The makers of a docudrama on Iris Chang, the Chinese American
author of the New York Times bestseller The Rape of
Nanking, say the film will be ready for release at the end of
the year.
The producers told a press conference in Nanjing, formerly known
as "Nanking", capital of east China's Jiangsu Province, that "Iris Chang" had
finished shooting in China and would continue in Japan, the US, and
Canada.
Its screening is scheduled to coincide with the 70th anniversary
of the Nanjing Massacre.
The massacre occurred in December 1937 when Japanese troops
occupied Nanjing, then capital of China. More than 300,000 Chinese
were killed, one third of the city's buildings in the city were
burned and more than 20,000 women were raped in eight weeks.
Worried that the West was forgetting the atrocity, Iris Chang
compiled recollections from sources in China, Japan and North
America and recorded them in her book, The Rape of Nanking: The
Forgotten Holocaust of World War II, which became the first,
full-length English-language narrative of the event to reach a wide
audience.
Chang committed suicide at the age of 36 in 2004, after a battle
with depression.
"Without Chang's outcry, the western world would not hear the
victims in the massacre. Her passion shocked me, and shocked the
world.
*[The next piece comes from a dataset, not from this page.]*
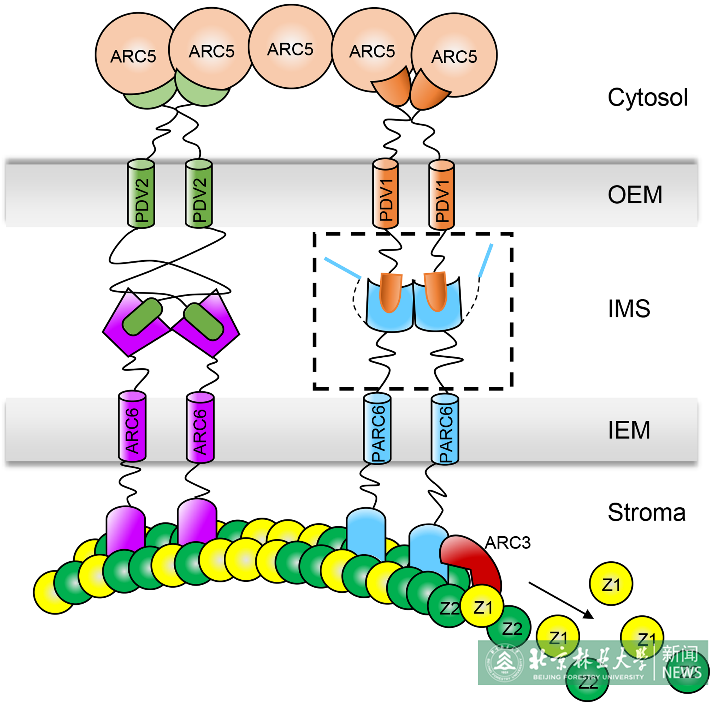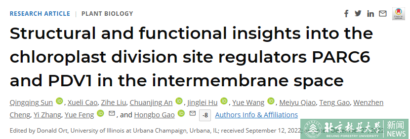 近日,生物學院高宏波教授團隊與北京化工大學馮越教授團隊合作在國際著名期刊PNAS上發表了題目為“Structural and functional insights into the chloroplast division site regulators PARC6 and PDV1 in the intermembrane space”的研究論文,對葉綠體分裂蛋白PARC6和PDV1互作以及相關的調控機制進行了深入研究。
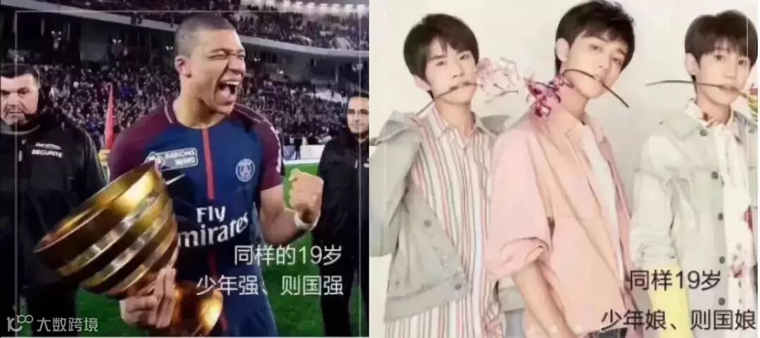 19岁独进两球的法国球员姆巴佩,和中国三个偶像明星。

I will try my best to play the lead role in the film," said
Olivia Cheng, a Chinese Canadian actress who played Chang.
According to Bill Spahic, director of the film, the story is
told from Chang's perspective, with no third-person narrative, to
give a more striking impression of her personality.
The film is fully funded by Canadian independent production firm
Reel Iris Productions, a partnership of Real to Reel Productions
and the Canada Association for Learning and Preserving the History
of World War II in Asia (ALPHA). Filming began in Nanjing in
December 2006.
(Xinhua News Agency April 1, 2007)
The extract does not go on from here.